Ausweitung der Mautpflicht: Kreis hebt Durchfahrtssperren für Lkw in Lichtenau und Salzkotten auf
Lastwagen dürfen durch Orte fahren

Salzkotten/Lichtenau (WB). Künftig dürfen wieder Lastwagen durch Lichtenau und Salzkotten fahren. Das seit 2006 bestehende Durchfahrtsverbot soll zum 1. Juli aufgehoben werden. Hintergrund ist die Ausweitung der Lkw-Mautpflicht: Vom 1. Juli an gilt sie auf allen Bundesstraßen. Mautpflichtig sind Lkw von 7,5 Tonnen zulässigem Gesamtgewicht an.

Samstag, 16.06.2018, 05:24 Uhr aktualisiert: 16.06.2018, 05:30 Uhr
An dieses Bild müssen sich Anwohner der B1 vielleicht wieder gewöhnen: Lastwagen im Stadtverkehr. Foto:
An dieses Bild müssen sich Anwohner der B1 vielleicht wieder gewöhnen: Lastwagen im Stadtverkehr.

»Die Durchfahrtssperren für Schwerlasttransporter auf der B 68, B 7 sowie B 1 machen dann keinen Sinn mehr, weil es sich nicht mehr rechnet, von der Autobahn abzufahren«, sagt der Ordnungsdezernent des Kreises Paderborn, Michael Beninde. Die Verbotsschilder werden Anfang Juli abgebaut. »Wir behalten die Verkehrssituation gleichwohl im Blick und werden die Vorher-Nachher-Situation durch Verkehrszählungen begleiten«, kündigt Beninde an.

Am 1. Januar 2005 war eine Mautpflicht für Lkw ab zwölf Tonnen zulässigem Gesamtgewicht eingeführt worden. Sie galt seinerzeit für Bundesautobahnen und einige stark frequentierte Bundesstraßen. Viele Lkw-Fahrer bogen daraufhin von der A 33 und A 44 ab: In den Innenstädten von Lichtenau und Salzkotten nahm der Schwerlastverkehr dramatisch zu. Durch beide Städte führen Bundesstraßen (B 68 durch Lichtenau, B 1 durch Salzkotten). Landrat Manfred Müller und die damaligen Bürgermeister der Städte Lichtenau und Salzkotten hatten sich daraufhin beim Landesverkehrsministerium dafür eingesetzt, die Strecken B 68, B 7 zwischen Paderborn, Lichtenau und Warburg sowie die B 1 zwischen Paderborn und Ortsausgang Salzkotten für Schwerlasttransporter zu sperren.

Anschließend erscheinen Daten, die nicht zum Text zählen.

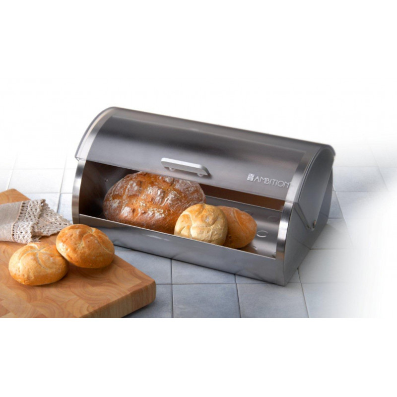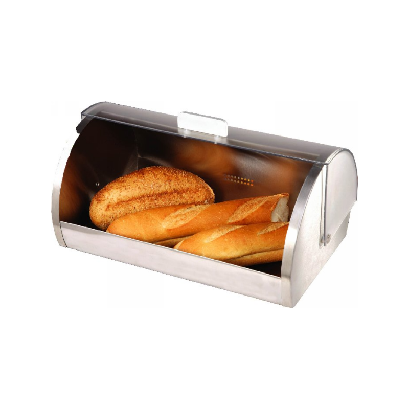 Elegancki chlebak z satynowanej stali pozwalający zachować chrupiącą świeżość pieczywa. Wytworności nadaje akrylowa pokrywa, przypominająca szybę oszronioną mrozem.
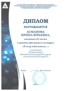 Ирина Юрьевна Асманова стала бронзовым призёром, представив на конкурс технологическую карту урока по информатике «От учения к практике в военном деле: решение вычислительных задач». Такой урок позволяет объединить основы военной подготовки и информатику при изучении темы «Решение вычислительных задач» с использованием программы MS Excel.
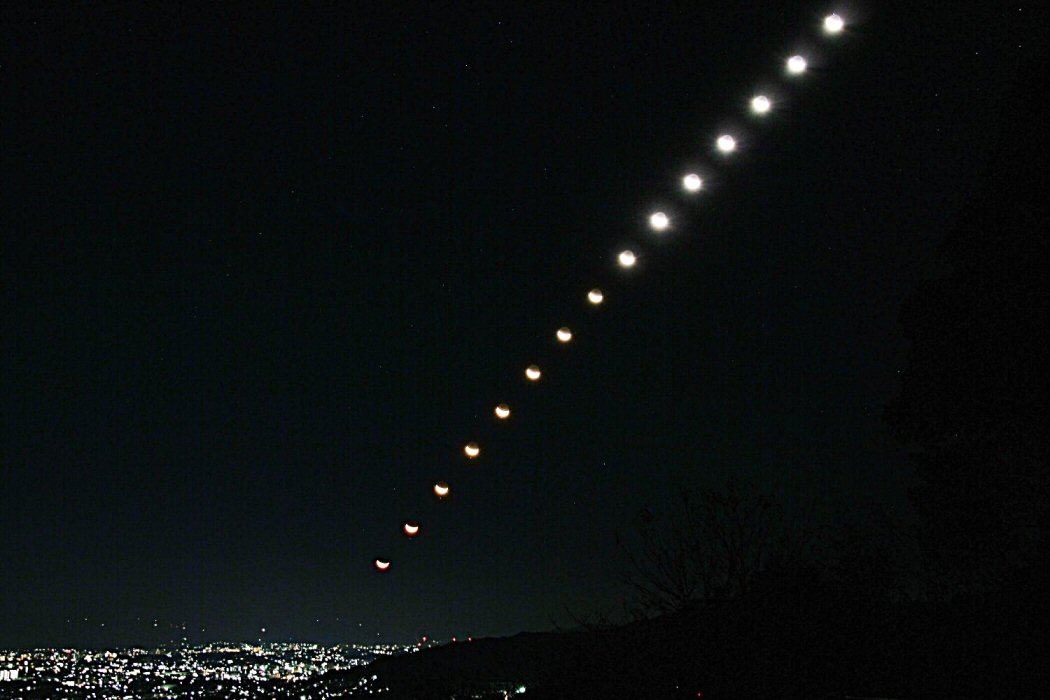 2024年12月25日 2時10分から 9分ごと、露出各1/5秒を比較明コンポジット、
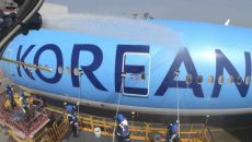 24일 인천 중구 대한항공 항공기 정비고에서 대한항공 관계자들이 새로운 CI가 적용된 항공기 동체를 세척하고 있다. <ⓒ투자가- 2025-04-24 10:19

Von der Mautsperrung nicht erfasst waren örtliche Ziel- und Quellverkehre. Letztere dürfen im Umkreis von 75 Kilometern des Beladeortes die Bundesstraßen B 1, B 68 und B 7 befahren. Im Ergebnis konnte der Lkw-Verkehr halbiert, die Innenstädte von Lichtenau und Salzkotten deutlich entlastet werden.

Um einen Vorher-Nachher-Vergleich durchführen zu können, sind bereits in diesem Frühjahr Verkehrszählungen durchgeführt worden: An der B 1, Lange Straße in Salzkotten, wurden im Zeitraum 2. bis 9. Mai 5924 Lkw und Lastzüge gezählt. An der B 64, Ortsmitte Lichtenau, waren im Zeitraum 9. bis 16. April insgesamt 3999 Lkw und Lastzüge unterwegs. An der B 64, Ortsmitte in Kleinenberg, wurden im Zeitraum 30. Mai bis 7. Juni 3432 Lkw und Lastzüge gezählt. »Wir gehen nicht davon aus, dass der Schwerlastverkehr nach Aufhebung der Durchfahrtverbote zunehmen wird. Denn ob Autobahn oder Bundesstraße: Die Maut ist in jedem Fall fällig«, bekräftigt Beninde abschließend.